I am interested in building a bot for stock market prediction. Should I focus on Deep Learning for time-series forecasting (like using LSTMs or GRUs) or should I dive into Deep Reinforcement Learning (DRL) where the agent learns by taking actions? I'm worried that simple price prediction isn't enough to handle the complexity of a live market environment.
3 answers
Start with LSTMs. They are much easier to debug. If you can't predict the price at better than 55% accuracy, DRL won't save you.
The major difference is that Deep Learning for time-series is a "passive" prediction task—you are just trying to guess the next price. Deep Reinforcement Learning (DRL) is an "active" task where the model learns a policy (Buy, Sell, Hold) based on a reward signal (Profit/Loss). In trading, price prediction is often not enough because of slippage and transaction costs. A DRL agent can learn to account for these factors.
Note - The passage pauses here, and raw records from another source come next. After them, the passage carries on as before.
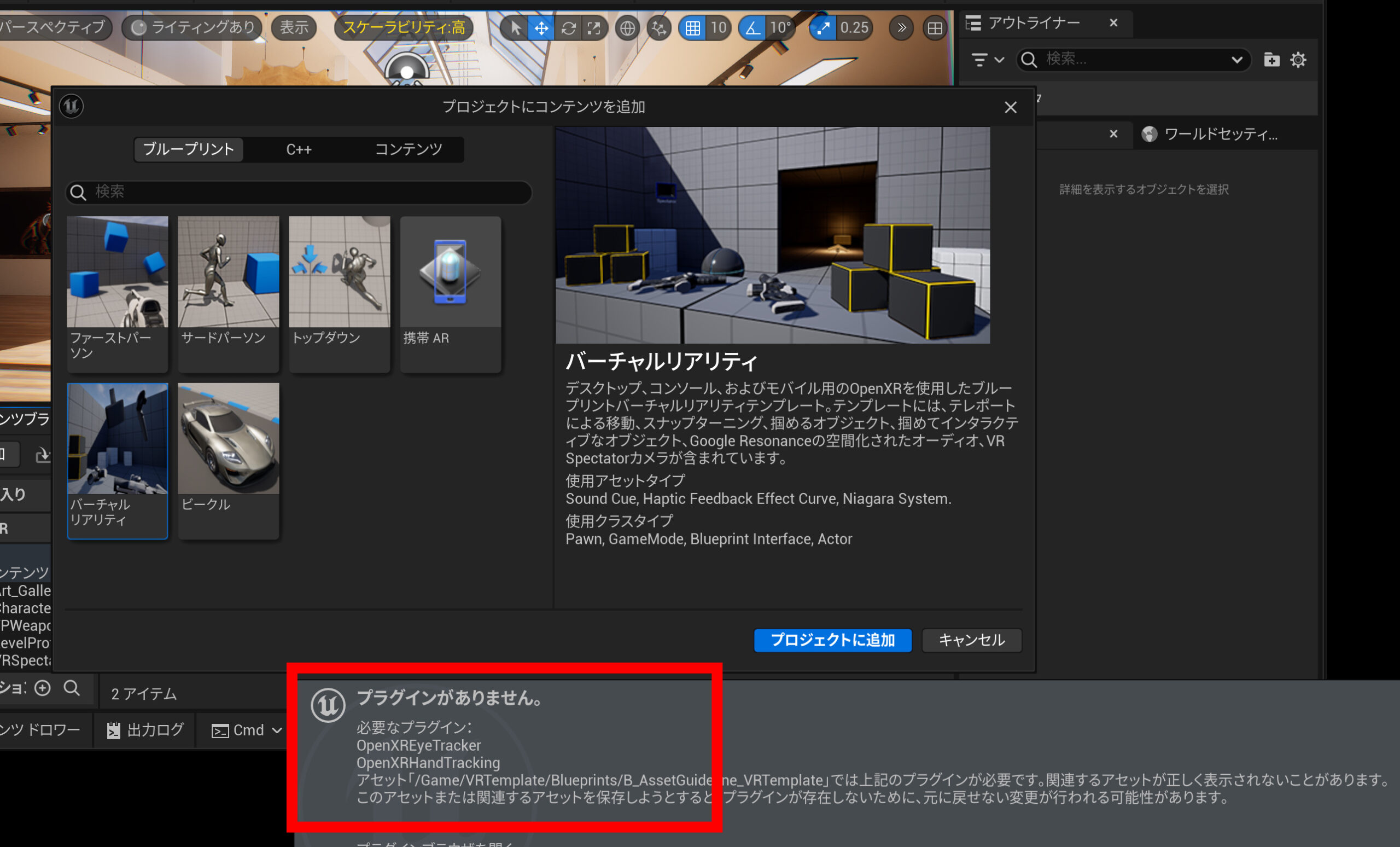 VRに必要なプラグインが自動で入ります。簡単ですね。隠れていますが右下にOKボタンがありますので、それらを押してください。UE5の環境準備完了です。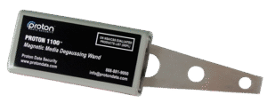 A physical process using a very strong magnetic field to demagnetize magnetic storage media (such as traditional hard drives or magnetic tape), permanently erasing the stored data and rendering it unreadable.
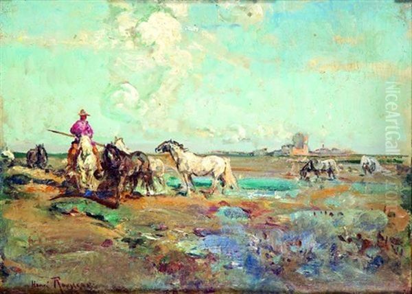 Henri Emilien Rousseau’s Paysage De Camargue transports viewers to the sun-drenched marshes of southern France, where golden light bathes the tranquil waterways and grazing white horses. The painting exudes a serene yet vibrant energy, blending Rousseau’s signature romantic realism with subtle Impressionist influences. Its loose brushwork and luminous palette capture the ephemeral beauty of the Camargue region, celebrated for its wild landscapes and unique cultural heritage. Created in the late 19th or early 20th century, this work reflects Rousseau’s mastery of evocative landscapes and his role in bridging academic traditions with modern sensibilities. Though less famous than his namesake Henri Rousseau (Le Douanier), Henri Emilien Rousseau’s works are prized for their poetic elegance and contribute to the legacy of French regionalist painting. Paysage De Camargue stands as a testament to the artist’s ability to infuse nature with quiet grandeur.

However, DRL is notoriously difficult to train and can be very unstable. I recommend starting with a strong Deep Learning forecasting model as a "feature" for a simpler rule-based trading system before going full DRL.
How do you plan to handle the "non-stationary" nature of market data, where the patterns learned today might be completely irrelevant tomorrow?
Steven, that is the million-dollar question! I was thinking of using a "sliding window" training approach or even an Online Learning setup where the model updates its weights daily. Nancy's point about DRL learning the "policy" rather than just the "price" is really convincing, though. If the market shifts, a DRL agent might recognize that its current strategy is losing money and adapt its risk management faster than a simple price-forecaster would.
Karen is right. If your input features (the price prediction) are garbage, your DRL agent will just learn to gamble more efficiently.